Those who have read it know that Mary Shelley’s Frankenstein is a creepy story. Scientist creates a monster who then goes on to kill all his master holds dear… Not something I’d read to my children to get them to go to sleep.
Why did this story happen? Have you guessed it?
A volcanic eruption.
Well, more or less.
From April 5-15, 1815, Mount Tambora in Indonesia went on a rampage of violent eruptions, the worst occurring on the 15th. It was estimated that there were over 82,000 deaths from Tambora. According to National Public Radio (and this website), “Mount Tambora launched 100 cubic kilometers of rock into the air – 10 times more than Italy’s Vesuvius, which buried Pompeii in 79 A.D., and 150 times more than Mount Saint Helens.”
The volcanic cloud filled up the atmosphere and dropped global temperatures by three degrees Celsius. One year later, the cloud made its way into the Northern Hemisphere and caused cooler temperature and crop failures. 1816 became known as ‘the year without a summer.’ Many areas had snow in June, and frosty nights in July, August, and September.
During this volcanic winter, 18-year-old Mary Shelley and her lover (and later husband) Percy Bysshe Shelley were visiting their friend Lord Byron in Switzerland, near Geneva Lake. The unfortunate weather conditions, thanks to Mount Tambora, were too dreary to allow for their planned summer holiday activities, so they retired to the indoors.

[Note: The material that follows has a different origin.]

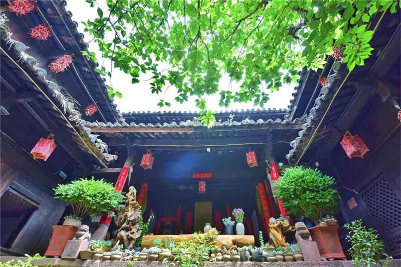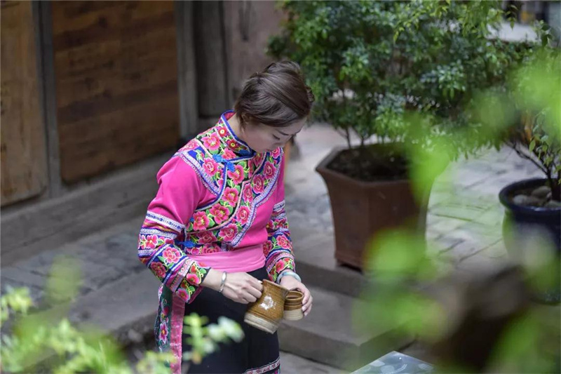 坐在大青樹(shù)小院里,圍著小木桌喝藥茶,有薄荷的清新,葛根的回味。正前面一個(gè)半圓型水缸,滿滿一缸水靜靜倒映著屋檐的瓦色。身后是一人多高的屋檐臺(tái),上面斜倚著一把躺椅,陽(yáng)光懶洋洋地堆疊在上面,那一坐,仿佛閉上眼就能恍然入夢(mèng)。

One stormy night, they were talking about the feasibility of turning a corpse or body parts to life (normal dinner conversation at my get-togethers, too). They were seated around a log fire in Byron’s villa, and along with discussing raising the dead, exchanged ghost stories to pass the cold night. This inspired the inspirational Lord Byron to suggest that they each write their own supernatural tale, as a sort of competition.

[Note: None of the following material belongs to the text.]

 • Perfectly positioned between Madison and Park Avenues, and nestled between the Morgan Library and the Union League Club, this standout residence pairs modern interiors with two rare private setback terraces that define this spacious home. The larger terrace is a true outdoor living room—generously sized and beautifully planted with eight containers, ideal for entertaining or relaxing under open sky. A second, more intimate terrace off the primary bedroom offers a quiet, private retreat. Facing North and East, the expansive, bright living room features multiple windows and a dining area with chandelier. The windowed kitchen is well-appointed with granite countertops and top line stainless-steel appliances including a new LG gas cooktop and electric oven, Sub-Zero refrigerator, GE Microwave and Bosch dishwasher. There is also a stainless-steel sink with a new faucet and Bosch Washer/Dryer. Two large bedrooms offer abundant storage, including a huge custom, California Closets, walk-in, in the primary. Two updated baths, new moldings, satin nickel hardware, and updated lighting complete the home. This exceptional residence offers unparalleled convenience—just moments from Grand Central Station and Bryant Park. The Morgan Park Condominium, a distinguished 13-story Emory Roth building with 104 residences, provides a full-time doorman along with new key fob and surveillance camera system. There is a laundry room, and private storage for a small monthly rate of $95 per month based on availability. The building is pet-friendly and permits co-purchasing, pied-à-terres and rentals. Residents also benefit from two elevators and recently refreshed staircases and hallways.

Later, in a waking dream, Mary Shelley conceived the idea for Frankenstein:
“I saw the pale student of unhallowed arts kneeling beside the thing he had put together. I saw the hideous phantasm of a man stretched out, and then, on the working of some powerful engine, show signs of life, and stir with an uneasy, half vital motion. Frightful must it be; for SUPREMELY frightful would be the effect of any human endeavour to mock the stupendous mechanism of the Creator of the world.”
What started out as a short story became, with her husband’s encouragement, a full-fledged novel, which we – at least I – now enjoy.

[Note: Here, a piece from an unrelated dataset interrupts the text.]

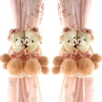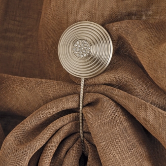 Често скучните мъниста получават втори живот, ако вземете завесите с тяхна помощ. Преплитането на камъни и вериги изглежда ефектно, бляскаво и елегантно. Изборът на контрастен цвят на камък или подходящ нюанс на завесата изглежда еднакво добре. Използването на медальони, вериги, метални копчета идеално ще се впише в селския “момичешки” Стил „изтъркан шик“. Не използвайте този тип скоби с тъмни завеси..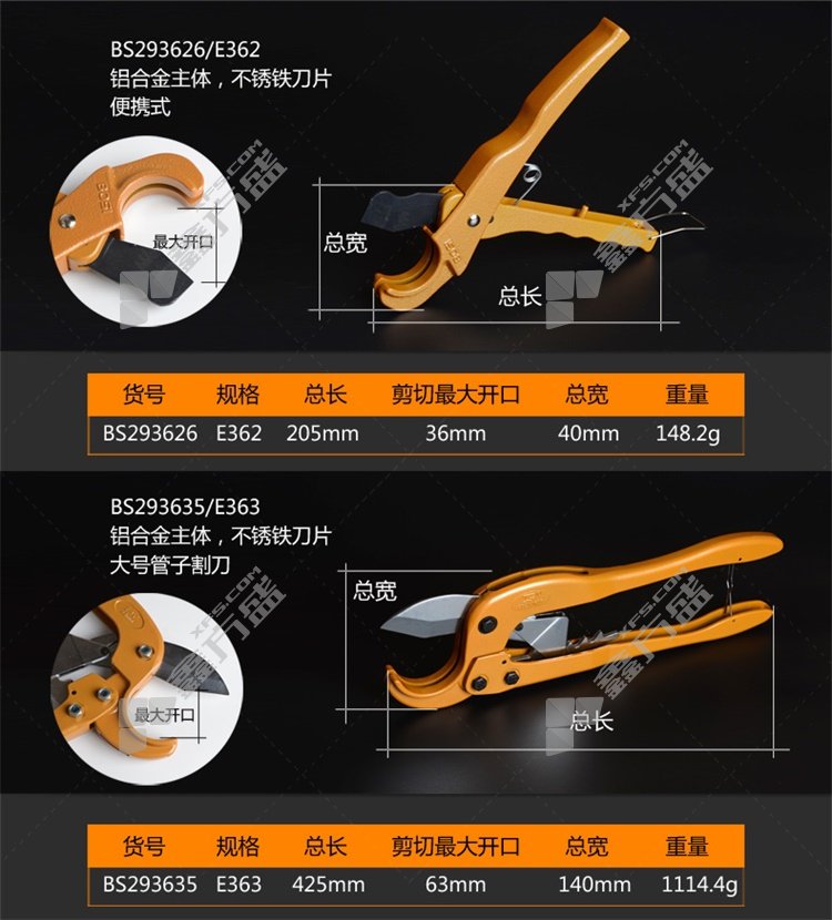 商品名称: 波斯 BS291581 PVC金色管子割刀 8" BS291581

On a side note, Lord Byron wrote a fragment based on legends he had heard while he traveled in the Balkans, and from this author John Polidori wrote The Vampyre (1819), the progenitor of the romantic (not Twilight romantic, mind you) vampire literary genre. The image of a vampire as a aristocratic gentleman first appeared in this book, and then adapted in Bram Stoker’s Dracula (1897).
Thus, two legendary horror tales blossomed from the cold shadow of Mount Tambora’s eruption.